豆撰がイートインをはじめて、早2か月が過ぎようとしています。

何からお話したらいいでしょうか
まず、イートインスペースをどうしたらいいか、一番の難関でした。
限られたスペースです。店舗を増設することが、一番のなのですが、
豆撰は新潟でも雪の多い豪雪地帯です。
駐車場の確保以外に除雪した雪の捨て場が必要なのです。
そこで、仕方なく店舗の配置を考えた次第です。
窓際に椅子を並べてはどうか、テーブルを増やそうかなどなど
なかなかことは進みませんでした。

私の人生は、親、夫、娘はもちろんですが、お友達に感謝感謝の人生です。
運がいいのです。

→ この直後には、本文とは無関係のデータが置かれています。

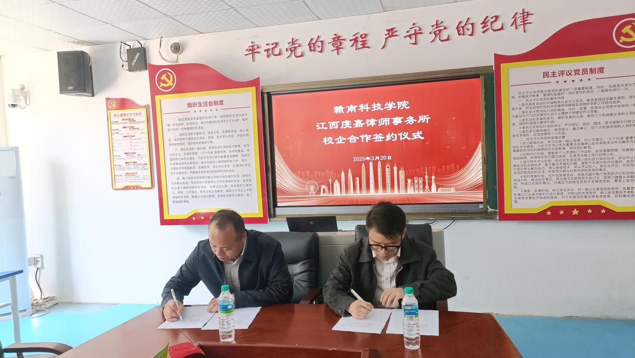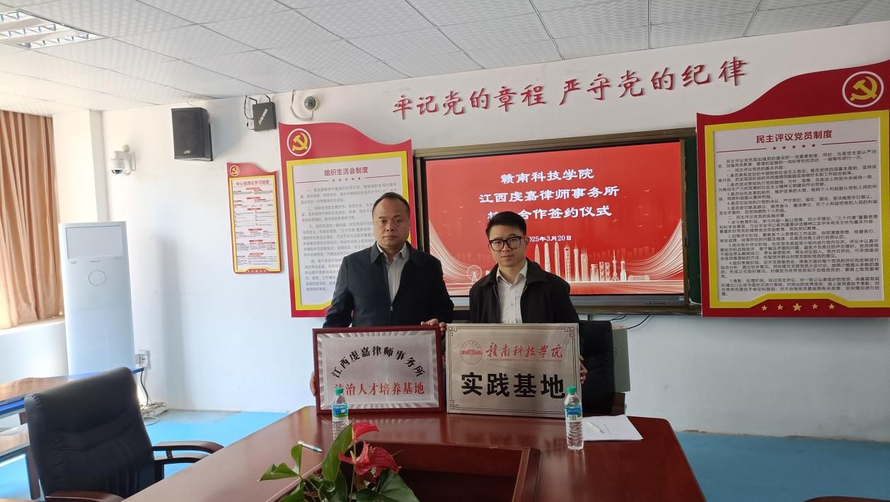 beat365正版唯一官网党委委员王军堂和虔嘉律所副主任叶志超代表双方签署《校企合作协议》,并共同为“江西虔嘉律师事务所法治人才培养基地”及“beat365正版唯一官网实践教学基地”授牌。

困った時に困ったことを解決してくださる人に
必ず出会うのです。今回も、そうでした。FB友達つながりの長岡出身の
建築家の先生とのご縁があってこそのイートイン。
幾たびかの、写真やメールのやりとりで相談をさせていただきましたが
私の不手際と私のいい加減な性格に、先生はしびれを切らし
東京から栃尾へ数回足を運んでくださりました。
「お金をかけずに、再利用しましょう!」のお言葉(信念)をいただきました。
元々豆撰に存在していた、大きな蔵の戸を使ったテーブルは、みんなの邪魔もの、
なんて、言ったら亡き父が「こら!れいこ」と怒鳴りそう・・・。ですが欅は重いのです。
でもなんだか、大きくって重厚でいい感じの座敷に出来上がりました。
それから、ショーウィンドウの位置を、まさか動かすなんて、思いもつかないことでした。

何とか、イートイン改築は終了のはずなのに
私は豆乳ソフトクリームの器械のサイズをすっかり先生に報告することを忘れ
まあ、なんといいましょうか
私は小さく小さくなって、「ごめんなさい」と謝るのみ。
それでも、先生の後輩の建具屋さんのおかげで、機械も食洗機も無事に
棚の上に収まることができ、やれやれ。

ここからが本番です。食器選び、
「アツアツ栃尾の油揚げ定食」の副菜
「栃尾寿司弁当」の副菜 と頭の中はいっぱいいっぱいになってしまいました。
そこで、今度はFB友達の料理家にSOS!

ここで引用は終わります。